We assessed the impact of hepatic dysfunction on the safety and pharmacology of gemcitabine/capecitabine in patients with advanced pancreatico-biliary cancer.

Methods

We included 12 patients receiving 3 weekly gemcitabine 1,000 mg/m2 day 1, 8 and oral capecitabine 650 mg/m2 b.i.d. over 2 weeks until disease progression or intolerable toxicity. Patients were included into one normal hepatic function cohort [total bilirubin (TB) ≤15 μmol/L] and 3 cohorts with increasing TB (16–39, 40–80, >80 μmol/L). Three patients with a creatinine clearance <60 ml/min were also included. Patients were sampled for gemcitabine, difluoro-deoxy uridine, intracellular gemcitabine triphosphates, capecitabine, 5′-deoxy-5-fluorocytidine, 5′-deoxy-5-fluorouridine and 5-fluorouracil up to 4 h after initiation of chemotherapy on day 1, and up to 90 min on day 8. All compounds were analyzed using validated liquid chromatography–tandem mass spectrometry. Nonlinear mixed-effect modeling was used for population analysis.

Results

Hepatic dysfunction was caused by intrahepatic cholestasis in 4 out of 8 patients (50 %) and extrahepatic cholestasis in another 4 patients (50 %). Dose-limiting toxicity was increasing hyperbilirubinemia and severe neutropenia in 2 patients each. Hepatic dysfunction was not associated with dose-limiting toxicity or severe hematological or non-hematological toxicity.
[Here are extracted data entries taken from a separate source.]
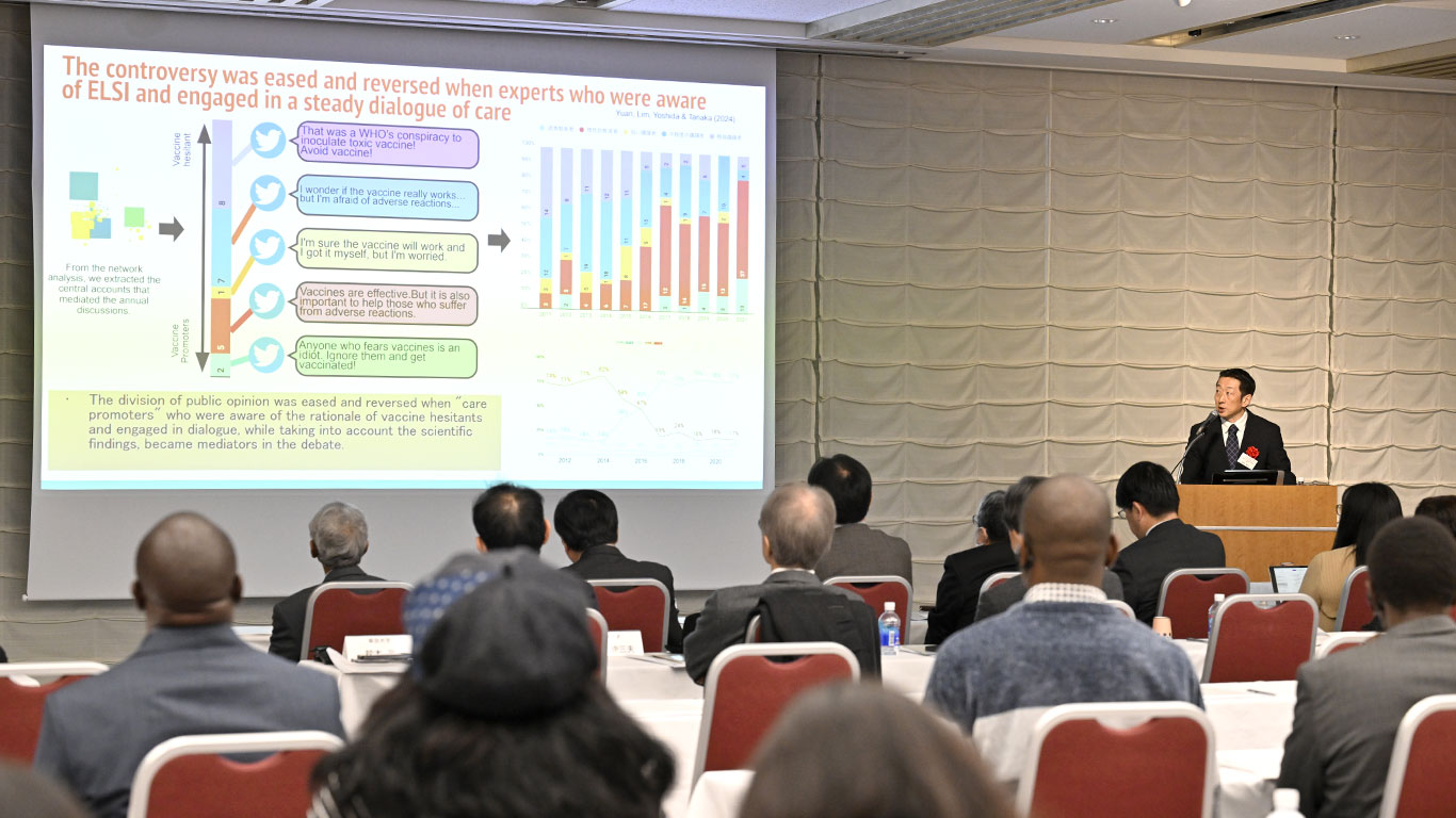 当日は、会場53名、オンライン184名、合計237名の方にご参加いただき、本基金の助成を受けた5件の研究プロジェクト代表者が、2021年12月から3年間にわたり行われた研究の成果を発表しました。参加者からは、それぞれの研究が異なるアプローチでコロナパンデミックから貴重な知見を得ており、有益な成果を上げている点が印象的だった、今後のさらなる研究活動の進展にも大いに期待したい、などの感想をいただきました。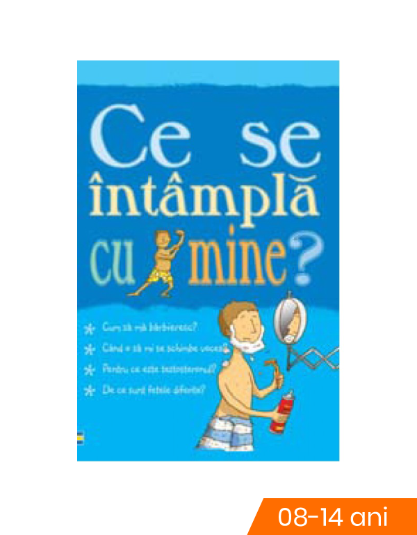 Ce se intampla cu mine? (pentru baieti) de Alex FrithIlustratii: Adam LarkumMaturizarea e mult mai usoara daca stii la ce sa te astepti. Aceasta carte descrie exact ce se va intampla cu corpul tau, intr-un mod direct, usor de inteles, si iti explica si unele dintre sentimentele tale tot ce trebuie sa stii in aceasta perioada atat de importanta din viata ta.Cand o sa mi se schimbe vocea?De ce sunt fetele diferite?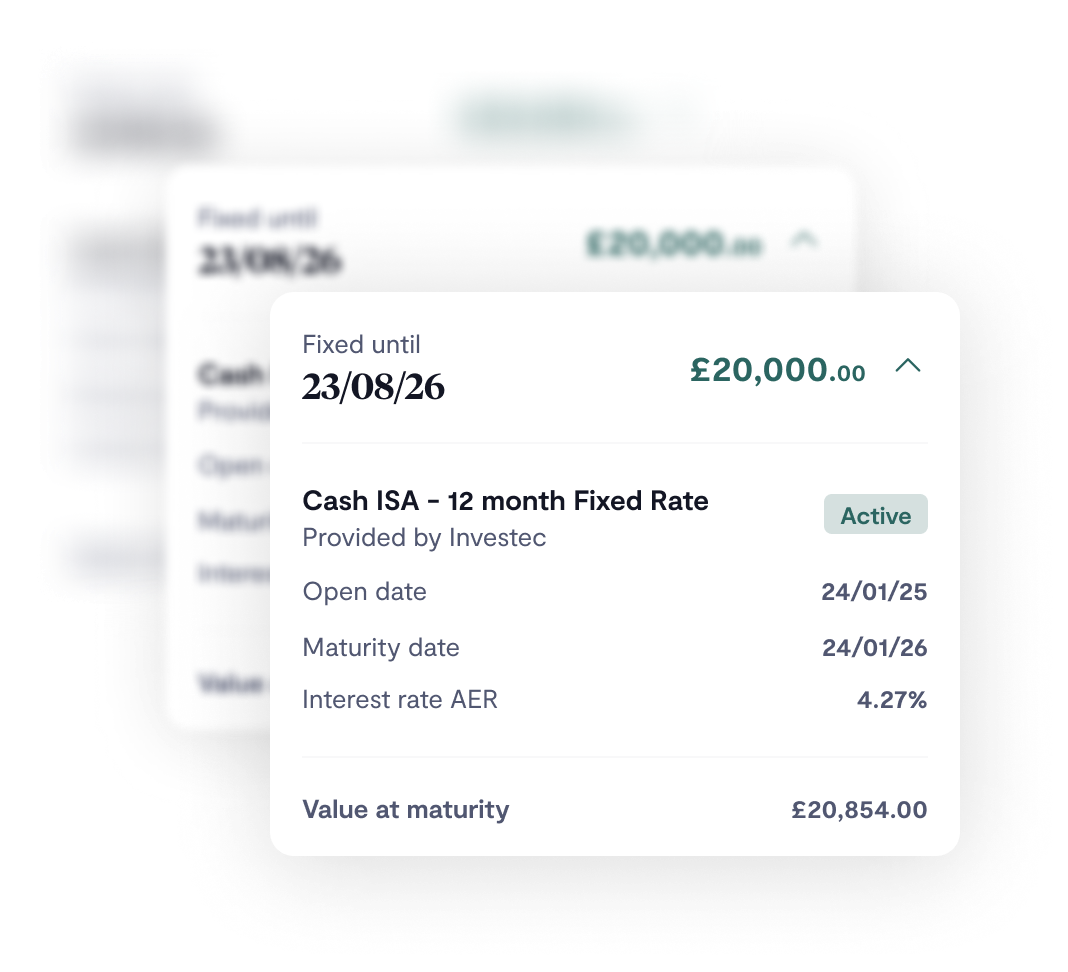 Lock your savings away for 12-months with our Fixed Rate Cash ISA and earn 4.27% AER (fixed). Plus add more funds later on to lock-in for 12-months from the date they are added, at the rate available at the time.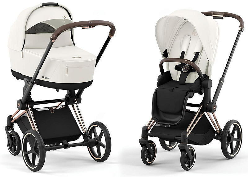 Cybex Priam IV 3 в 1 (Сайбекс Приам 4) является самым полным комплектом немецкой гибридной универсальной премиальной коляски, который удовлетворит все изысканные потребности с первых дней жизни вашего малыша до достижения им 4-летнего возраста. Данная модель коляски Priam IV имеет шасси модели в расцветке Rosegold (рама розовое золото, бампер и ручка в коричневом оттенке) и упакована в одну коробку, в комплекте также автокресло Cloud G i-Size Almond Beige Plus.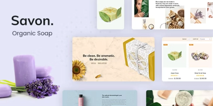 Savon WordPress 主题非常适合手工肥皂、有机商店、护肤品、水疗、健康、美容化妆品和天然产品公司。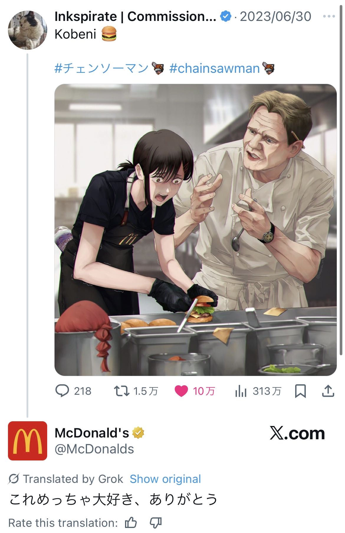 | … | 704無念Nameとしあき25/11/17(月)17:01:24No.1366795443+>自分が描いた作品を高品質に仕上げた映画スタッフと解釈広げた曲お出ししてきた米津に一番ビビったのが作者だと思う |

However, hepatic dysfunction was associated with low clearance of both gemcitabine (p = 10−3) and capecitabine (p = 10−5), and low intracellular gemcitabine triphosphate concentrations (p = 10−3).

Conclusions

Gemcitabine/capecitabine can be given at the standard dose in patients with severe hyperbilirubinemia, though the present data suggest that gemcitabine’s activity may be limited due to poor intracellular activation. In patients with severe hyperbilirubinemia, initial monotherapy with capecitabine should be considered, followed by the addition of gemcitabine with improving hyperbilirubinemia.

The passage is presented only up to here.